#### EXERCISE DIRECTIONS:
Exact reproduction of the data is required, with images excluded.
[Opening GIVEN INFORMATION section]
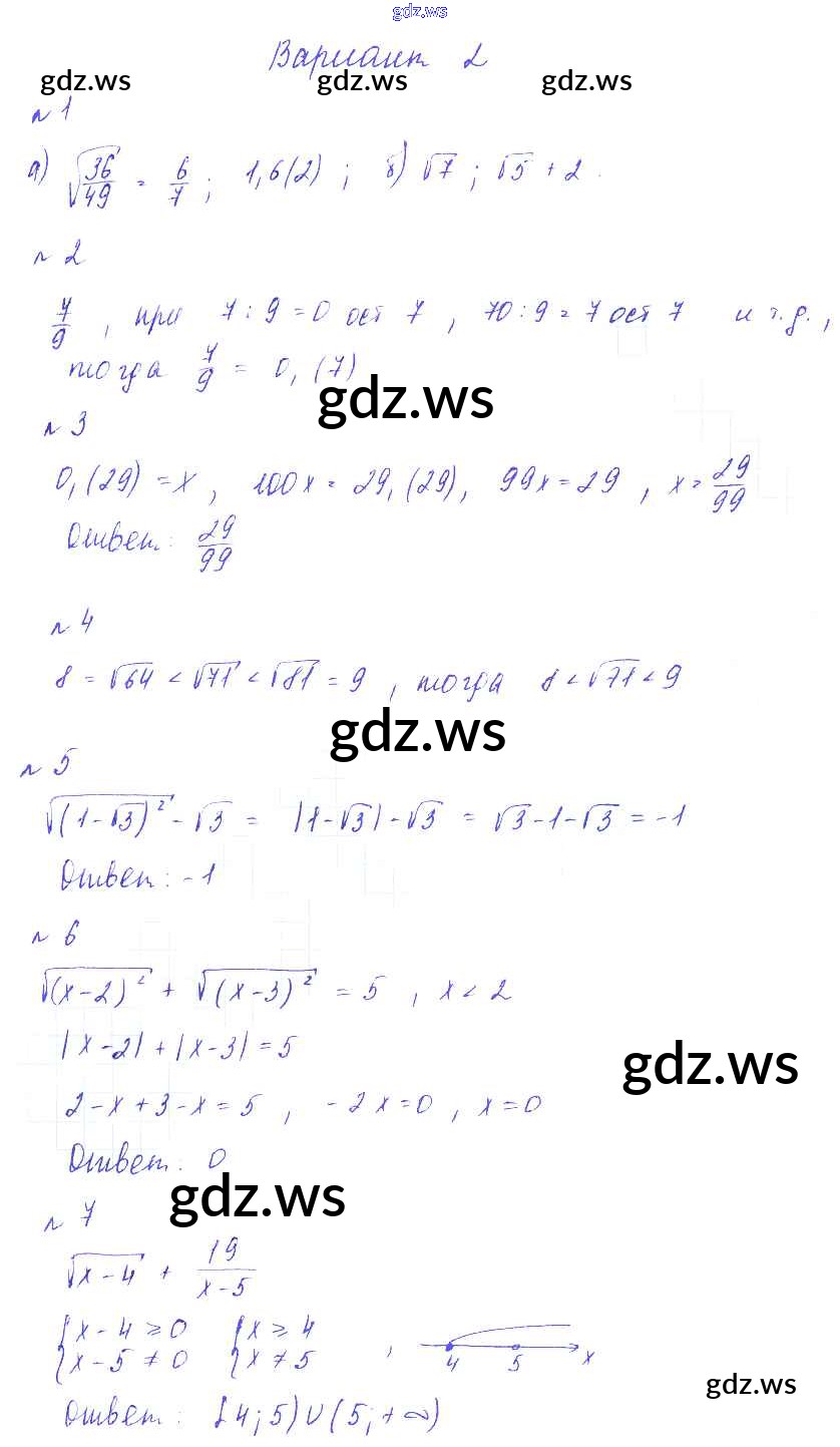 Готовый и полный ответ к СР №6. Действительные числа. Арифметический квадратный корень Самостоятельные работы - Алгебре 8 класс Зив Дидактические материалы ФГОС
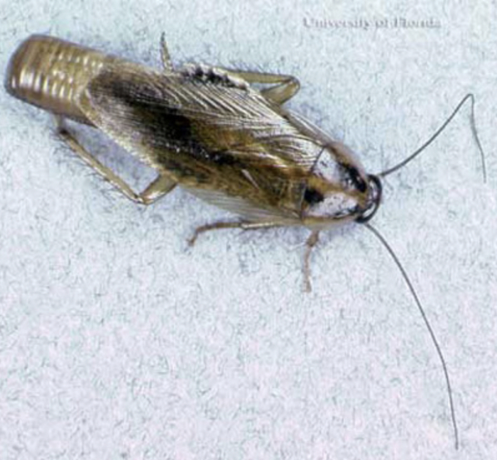 携带卵鞘的成年雌性亚洲蟑螂。摄影:RW Baldwin
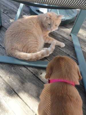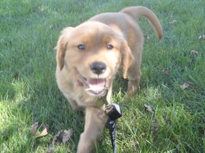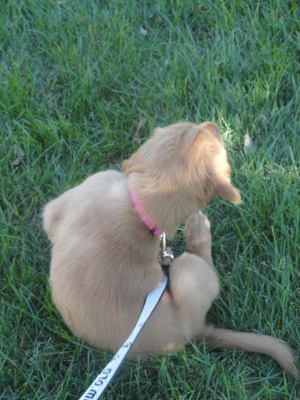 I’m outta here! Not even a lingering backward glance for FM! She and I took a road trip to see my new family this morning and as soon as she got me hooked up on my leash I was out of the car and speeding toward my very own people! It’s gonna be great! They had a new bright-red leash for me, and get this… I look quite stunning in red! I bet they have some other stuff for me, too… Like maybe some toys… Some liver treats… Some kitty cats! Yeah! Me and my peeps are heading out together for a planned pit stop at my new grandma’s house where there are some other four-leggers to play with. I hope it doesn’t take them too long to learn who’s boss! It’s ok though. If they struggle, I’ll help them figure it out.
[Closing GIVEN INFORMATION section]
#### EXERCISE RESPONSE:
 Готовый и полный ответ к СР №6. Действительные числа. Арифметический квадратный корень Самостоятельные работы - Алгебре 8 класс Зив Дидактические материалы ФГОС
 携带卵鞘的成年雌性亚洲蟑螂。摄影:RW Baldwin
 I’m outta here! Not even a lingering backward glance for FM! She and I took a road trip to see my new family this morning and as soon as she got me hooked up on my leash I was out of the car and speeding toward my very own people! It’s gonna be great! They had a new bright-red leash for me, and get this… I look quite stunning in red! I bet they have some other stuff for me, too… Like maybe some toys… Some liver treats… Some kitty cats! Yeah! Me and my peeps are heading out together for a planned pit stop at my new grandma’s house where there are some other four-leggers to play with. I hope it doesn’t take them too long to learn who’s boss! It’s ok though. If they struggle, I’ll help them figure it out.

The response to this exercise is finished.